**DIRECTIONS FOR THIS TASK:** Lines below starting with the line with "Poner la sal, bicarbonato, polvo" and going on through the line with "This paper proposes" must be output exactly; the rest of the records must be left out.

**SUPPLIED DATA:**
#####

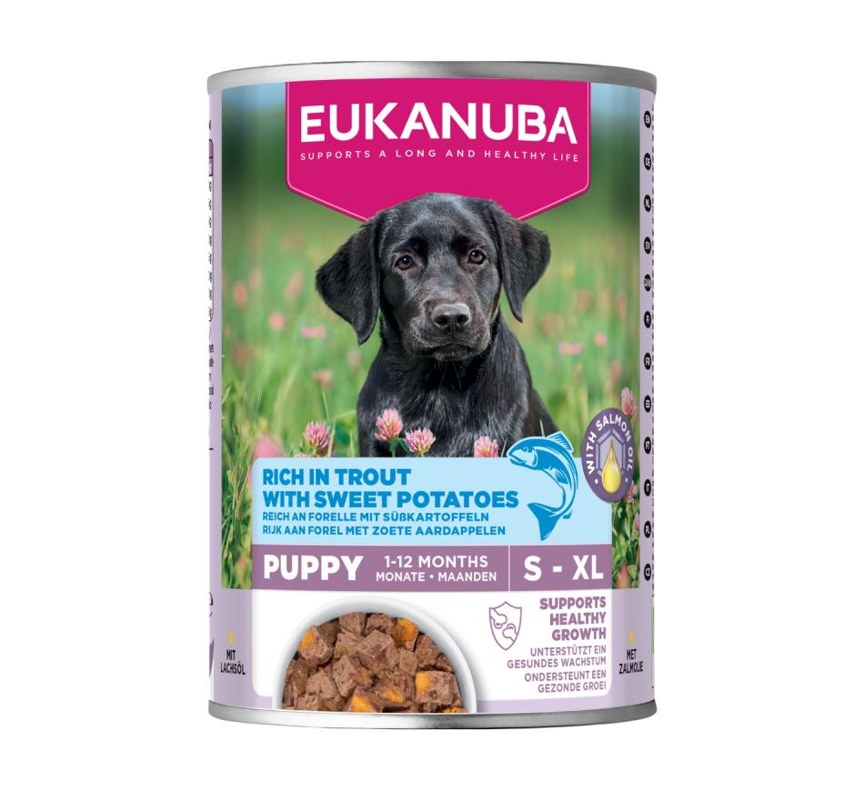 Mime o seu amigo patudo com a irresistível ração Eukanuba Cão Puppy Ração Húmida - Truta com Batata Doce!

#####

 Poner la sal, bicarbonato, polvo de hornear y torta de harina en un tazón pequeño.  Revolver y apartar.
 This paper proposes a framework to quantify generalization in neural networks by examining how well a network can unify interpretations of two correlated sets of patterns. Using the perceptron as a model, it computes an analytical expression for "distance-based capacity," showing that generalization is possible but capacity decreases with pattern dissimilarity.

#####

**ANSWER:**
 Poner la sal, bicarbonato, polvo de hornear y torta de harina en un tazón pequeño.  Revolver y apartar.
 This paper proposes a framework to quantify generalization in neural networks by examining how well a network can unify interpretations of two correlated sets of patterns. Using the perceptron as a model, it computes an analytical expression for "distance-based capacity," showing that generalization is possible but capacity decreases with pattern dissimilarity.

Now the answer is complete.